FYI, googling for "VM Thread" and various java keywords doesn't seem to find much documentation, though most folks claim it has GC and other maintenance-related duties. I am not totally sure what it does.

In fact, if you look at the top 10 pids, none of them are actually anything that runs the application code - they are all management threads (thread pool, socket listener, garbage collection) outside of my application.

32149 1257787176@Jetty Thread Pool-2999 - Acceptor0 SocketConnector@0.0.0.0:2080
28993 VM Thread
28995 Finalizer
32151 pool-7-thread-1
29143 pool-3-thread-1
28990 GC task thread#5 (ParallelGC)
28989 GC task thread#4 (ParallelGC)
28992 GC task thread#7 (ParallelGC)
28986 GC task thread#1 (ParallelGC)
28988 GC task thread#3 (ParallelGC)
To be fair to the rest of this app, there are 3000 worker threads that each have around 40 minutes (or less) of cpu time, so the application is doing useful work, it's important to observe where you are wasting time - in this case, the jetty accept thread. The GC-related data may be an indication that garbage collection could be tuned or avoided (through thread-local storage, etc).

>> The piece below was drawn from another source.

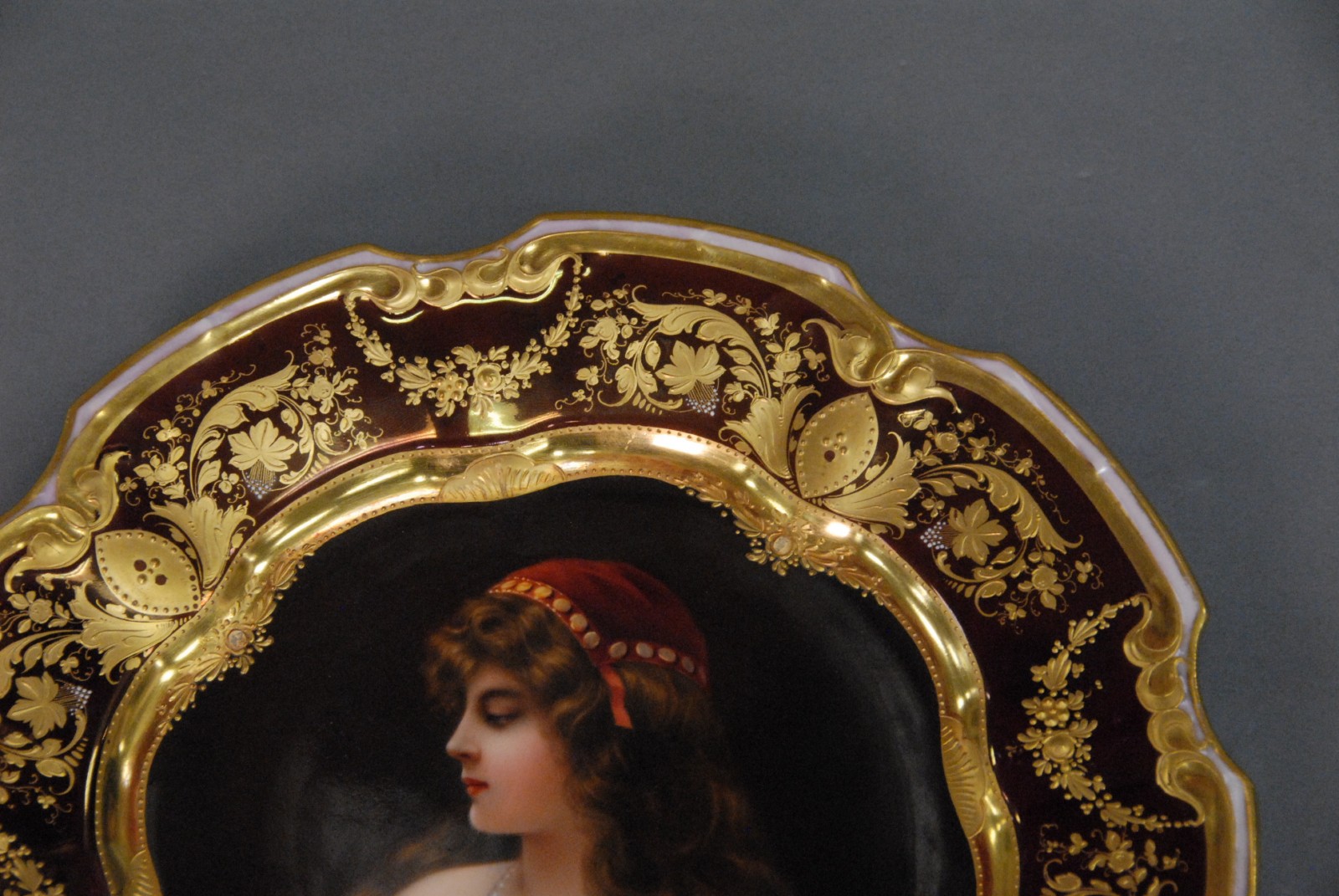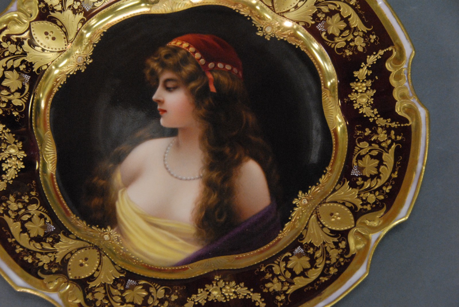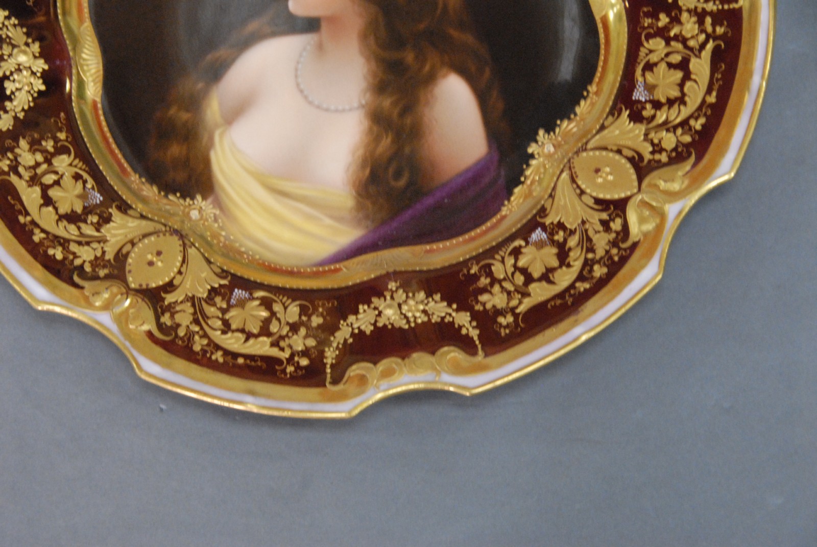Austrian porcelain portrait plate with raised gold relief signed Weigil.
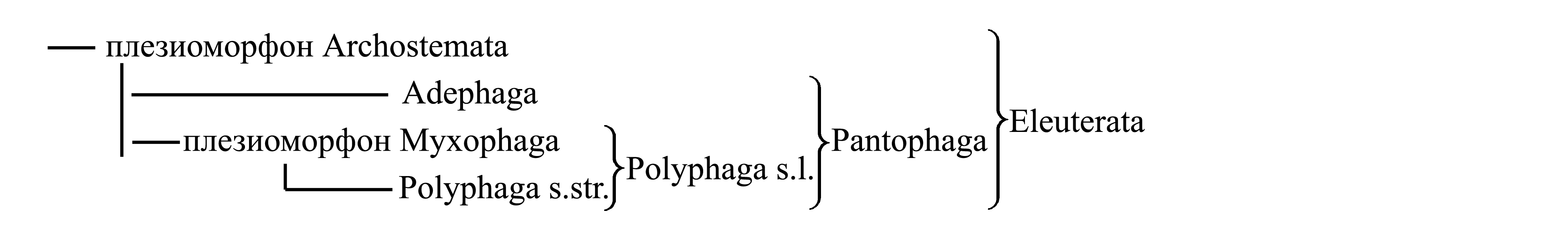 Вероятно, Archostemata представляют собой парафилетическую группу, предковую для других жуков. Было предложено объединять всех остальных жуков, кроме Archostemata, в таксон Pantophaga Klausnitzer 1975 {по циркумскрипции соответствует «Coleoptera» sensu Machatschke 1962}. Высказывалось ошибочное утверждение, что Pantophaga отличаются от Archostemata приобретением сплошной склеротизации надкрыльев, при которой жилки заполняют все надкрылье, так что ячейки сокращены до точек или совсем исчезли. В действительности этот признак эволюционирует обратимо и поэтому не может служить доказательством голофилии таксона [см. Elytrophora (6)]. По другой версии, Adephaga и Polyphaga произошли от разных вымерших Archostemata (Пономаренко 1969).

Lastly, since each of these IDs are LWP IDs, you can use other standard tools (strace/truss, systemtap/dtrace, etc) on them.

Knowing the accept thread is consuming lots of time should make you run tcpdump if you haven't already, and in this case I see a few hundred new connections per second, which isn't very high and leads us further down the road of debugging.